How can I access the images using my web application, but denying the direct access to the images?
Also I would like to know why I can access the pdf documents, but I can't access the images.
我正在开发一个Web应用程序,我需要保存并显示图像和pdf文档。 p> \ n
我想拒绝直接访问图像和文档及其容器文件。 我的意思是,当有人试图通过url访问该文件夹时,应该收到403-forbidden错误。 p>
为此,我在文件夹中创建了一个.htaccess文件,如下所示: p>
命令拒绝,允许
Deny来自所有
code> pre>
使用我的Web应用程序,通过php脚本,没有 访问这样的pdf文档的问题 p>
header('content-type:application / pdf');
readfile('../../../ files /' 。$ document);
code> pre>
但是当我尝试使用&lt; img style = max-width:100%src = .. /访问图像时 文件/'。$ image。'&gt;' code>我的访问被拒绝,我收到了禁止的http状态代码403. p>
如何使用我的网络应用程序访问图像 ,但拒绝直接访问图像? p>
此外,我想知道为什么我可以访问pdf文档,但我无法访问图像。 p>
DIV>
I would use a handler for either of these file types.

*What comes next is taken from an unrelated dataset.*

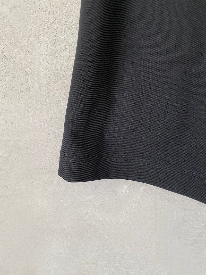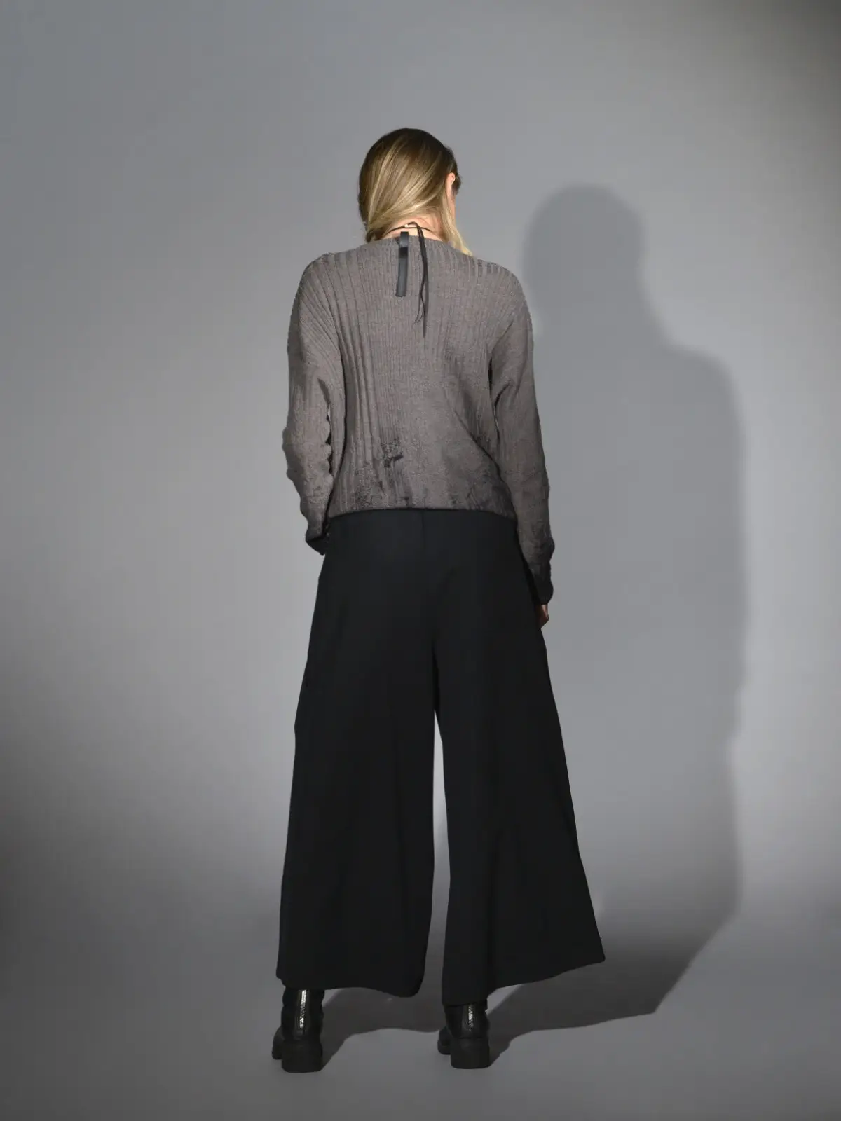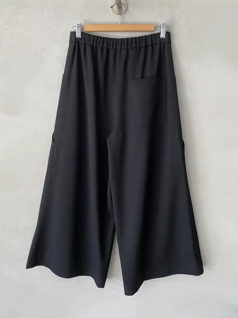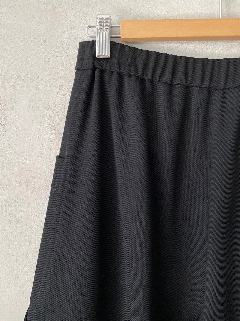 Pantaloni oversize con gamba larga e ampie tasche, cintura con elastico dietro, chiuso davanti con un bottone e cerniera con patta, doppie tasche laterali più una tasca a toppa posteriore sul lato destro. Misure taglia 38: lunghezza 94 cm, circonferenza cintura 74 cm. Le taglie successive aumenteranno 2 cm in lunghezza e 4 cm in circonferenza.

Place the files outside of the web accessible file system. i.e. If your web root is /var/www/html then create /var/www/files/ directory and store all your files in there.
$file_id = intval($_REQUEST['file_id']);
$sql = sprintf("SELECT * FROM files WHERE file_id=%d",$file_id);
$query = $mysqli->query($sql);
$file = $result->fetch_assoc()
// add business logic for
// if $user_id is allowed to view $file_id
if (preg_match("/\.pdf$/i",$file['filename'])){
header('content-type: application/pdf');
} else if (preg_match("/\.(jpg|gif|png)$/i",$file['filename'])){
header('content-type: application/pdf');
} else {
die("Unknown file type");
}
$full_path = sprintf("/var/www/files/%s",$file['filename']);
readfile($full_path);
This would allow you to use your application logic to determine which files should be accessed by a user, record the access and keep them out of the web accessible directory.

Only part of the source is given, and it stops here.